“I’ve piloted some ripping ball-skirts and tailor-made gowns through half the courts of Europe, but I’m still heart-whole.”

“A fine record,” observed Harry Benthall with his mouth full. At that breakfast-table there was no ceremony, and words were certainly not minced.

“Well, every one seems to be linking my name with Claudia Nevill’s,” Dudley remarked, after commencing his breakfast, “I really can’t see why.”

“But I can,” declared the colonel bluntly. “You’re a fool—if you’ll forgive me for saying so.”

“Why?”

“A fool for giving a second thought to a woman of her stamp,” he answered. “Good heavens! if you knew half the tales about her, you’d cut her dead. I wonder why the Meldrums invited her? Suppose they couldn’t help it—or something.”

“What tales?” asked Dudley, glancing inquiringly from one man to the other.

“No. I’m not going to besmirch any woman’s character, my dear fellow,” replied the elder man. “Only, take my advice and have nothing more to do with her—that’s all. She’s no good to you, or indeed to any honest man.”

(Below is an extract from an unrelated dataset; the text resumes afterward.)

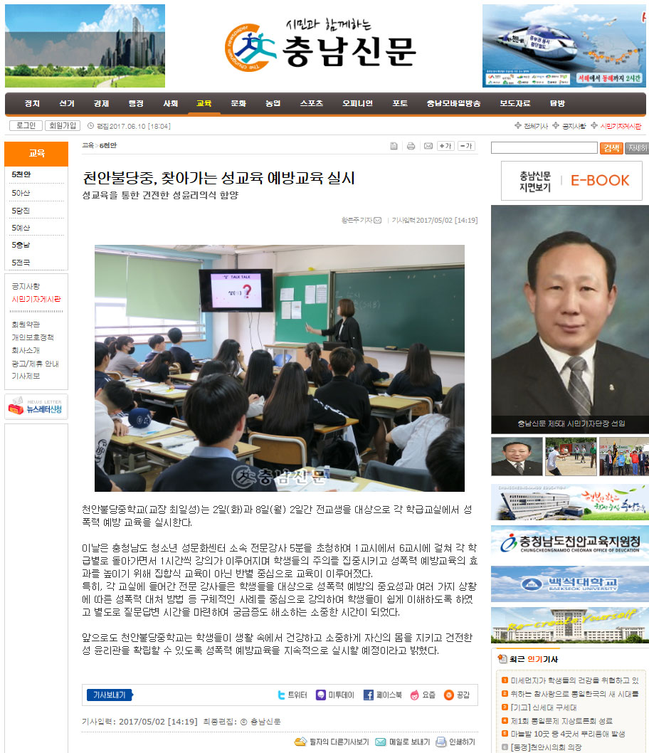 2017.5.2 천안불당중학교 성폭력예방교육실시

“Some foul scandal about her, I suppose,” cried Chisholm, his brow darkening for an instant. As a matter of fact, he knew the scandal quite well. It was the common talk in every club in town. But he intended to champion her, even though he had escaped from her net. “Why don’t you tell me?”

“It is unnecessary—utterly unnecessary,” the colonel answered, making as if breakfast were more important than gossip.